Injecting CO2 into deep reservoirs with high temperature and pressure (HTHP) is a promising method for enhancing oil recovery (EOR) and CO2 utilization and storage (CUS). It is, however, challenging to quantitatively unravel the initiation mechanisms of micro-remaining oil and formation damage using microfluidic technology at 115 °C and 55 MPa. In this study, water/gas flooding experiments in the micromodel has carried out on the HPHT microfluidic experimental platform. The results reveal that 35.41% of the micro-remaining oil is recovered by scCO2 extraction on the funnel-shaped interface, and 11.21% by carbonated water swelling. When water is injected into heterogeneous reservoirs, the oil-water displacement front in the high-permeability zone is less stable than that in the low-permeability zone. Subsequent scCO2 injection resulted in asphaltene deposits (approximately 10.49% of pore volume), including low-velocity deposition, corner deposition and trap deposition, which reduced reservoir permeability. Moreover, compared with continuous CO2 injection, the asphaltene deposition is reduced by 4.25% of CO2 injection after waterflooding, including 2.64% in the high-permeability zone and 1.61% in the low-permeability zone.
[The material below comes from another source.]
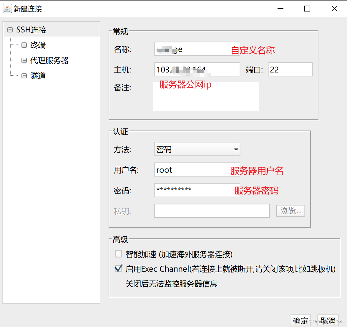 3.下载安装好软件后双击打开,选择SSH连接,填写如下信息,最后点击确定

These observations provide important theoretical support for the application of CO2-EOR technology and carbon storage in deep reservoirs.

Suggested Citation

  • Zhang, Xue & Su, Yuliang & Li, Lei & Da, Qi'an & Hao, Yongmao & Wang, Wendong & Liu, Jiahui & Gao, Xiaogang & Zhao, An & Wang, Kaiyu, 2022. "Microscopic remaining oil initiation mechanism and formation damage of CO2 injection after waterflooding in deep reservoirs," Energy, Elsevier, vol. 248(C).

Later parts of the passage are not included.